すると、船内で爆発が起こった。 何事かと騒然とする中、よく通った低い声が響く。
「俺の用は終わったぞ。あとはお前の番だ銀時、好きに暴れるがいい。邪魔する奴は俺がのぞこう」
「てめェは…桂!!」
「違〜〜〜う!! 俺はキャプテンカツーラだァァァ!!」
手にしていた爆弾を放つ桂。 その様子を眺めていた弥生はおもむろに立ち上がる。
「?弥生ちゃん?」
「どうしたアルか?」
『…助太刀』
見上げる二人にそう告げると弥生は立ち込める煙りの中へと飛び込んだ。
行く手を遮る敵を片っ端から倒していけば、立つ敵は数人。最後に桂の背後を狙う天人へ一太刀浴びせると、弥生は刀を腰へ戻した。
「!お前は…」
弥生の存在に気付いた桂は驚きに染まる。そんな桂を暫く見つめると、弥生は人差し指と中指を額に当てる。
『…や、ヅラ』
「―――っ、ヅラじゃない、桂だァァァ!!」
「はァい、そこまで」
両手を広げ、弥生のもとへ駆け寄ってきた桂の顔面に彼女の背後から伸びた銀時の足がめり込む。 足を退かせば、くっきりと跡がつき鼻血を垂らす桂の顔面が表れた。

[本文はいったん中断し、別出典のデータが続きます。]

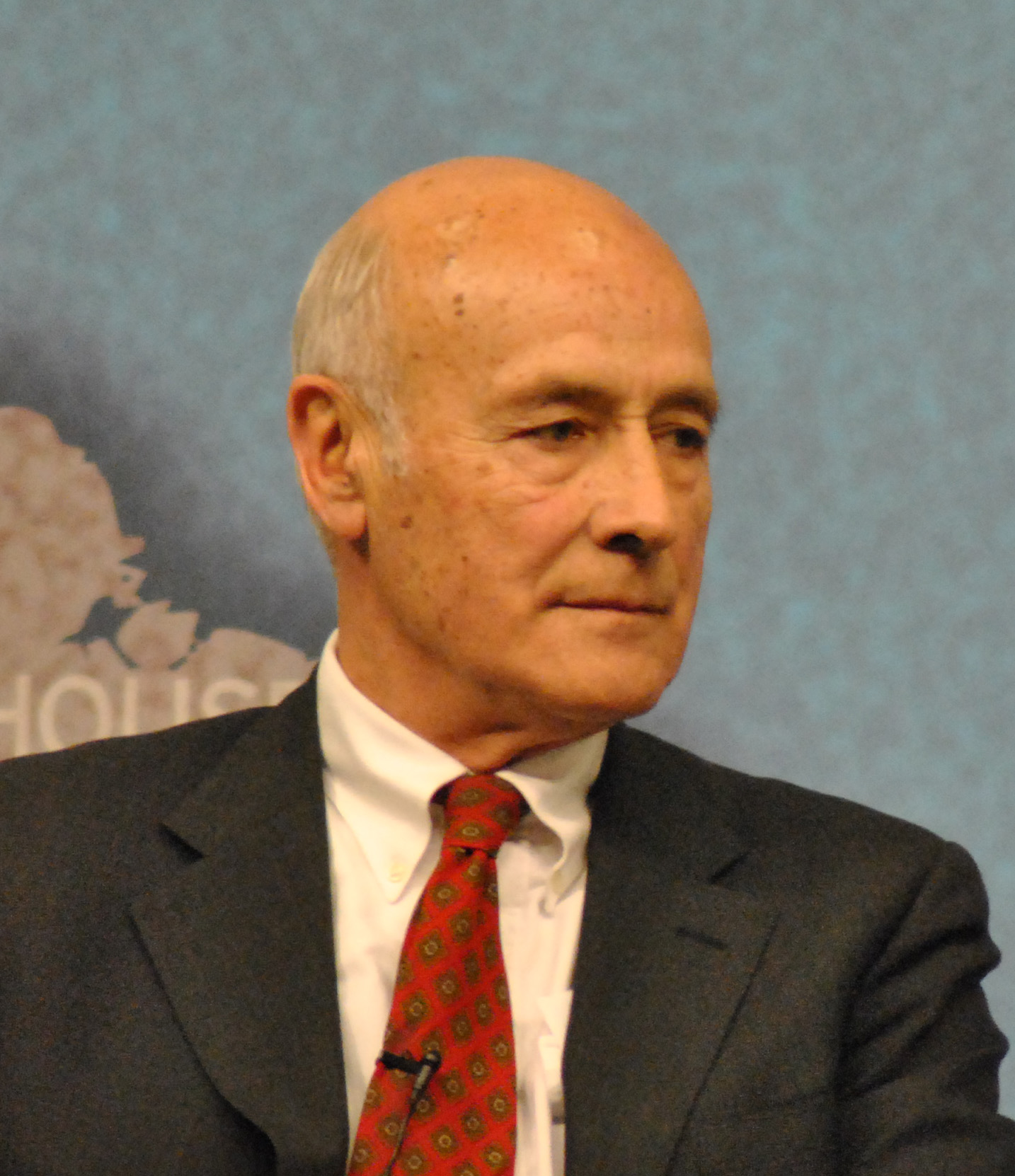 US political scientist Joseph S. Nye Jr. at Chatham House.

「何をする銀時。再会の抱擁ぐらいさせてくれてもよかろう」
「俺の時はアッパーカットだったじゃねェか」
「男と抱き合っても嬉しいワケがないだろう」
隙を見て、桂は弥生の手を引くとしっかりとその腕に抱き寄せた。そんな二人を見て、青筋を浮かべる銀時を新八と神楽は見逃さない。
「弥生…お前、生きてたんだな」
『…』
「すっかり見違えたぞ。成長とはアレだな、こうも変化があるとは…いや、面影もしっかりと残ってはいるが、」
『………』
「…………弥生?」
何も返さない弥生を不思議に思い、身体を離して顔を覗くと小さく寝息を立てる弥生が。
「フッ…相変わらずだな」
微笑むと桂は弥生を横抱きにし、歩き出すが銀時が黙って見届ける訳もなく、桂の肩を掴んで阻止する。
「おーい。どォこ行く気だテメー」
「決まっている。弥生をちゃんとした場所で寝かせんとな」
「なら安心しろ。俺が連れ帰ってちゃんと寝かしつけてやらァ。つーワケでさっさと弥生離せコノヤロー」
「手負いのお前に弥生は持てまい」
「ナメんな。どんなに傷を負おうが持ってやるよ。そいつも俺の大事な荷物だ」
桂から弥生を奪い返すと銀時は手枷を取ろうと苦戦している二人へ向かう。 その後ろ姿を桂は笑みをたたえながら見つめていた。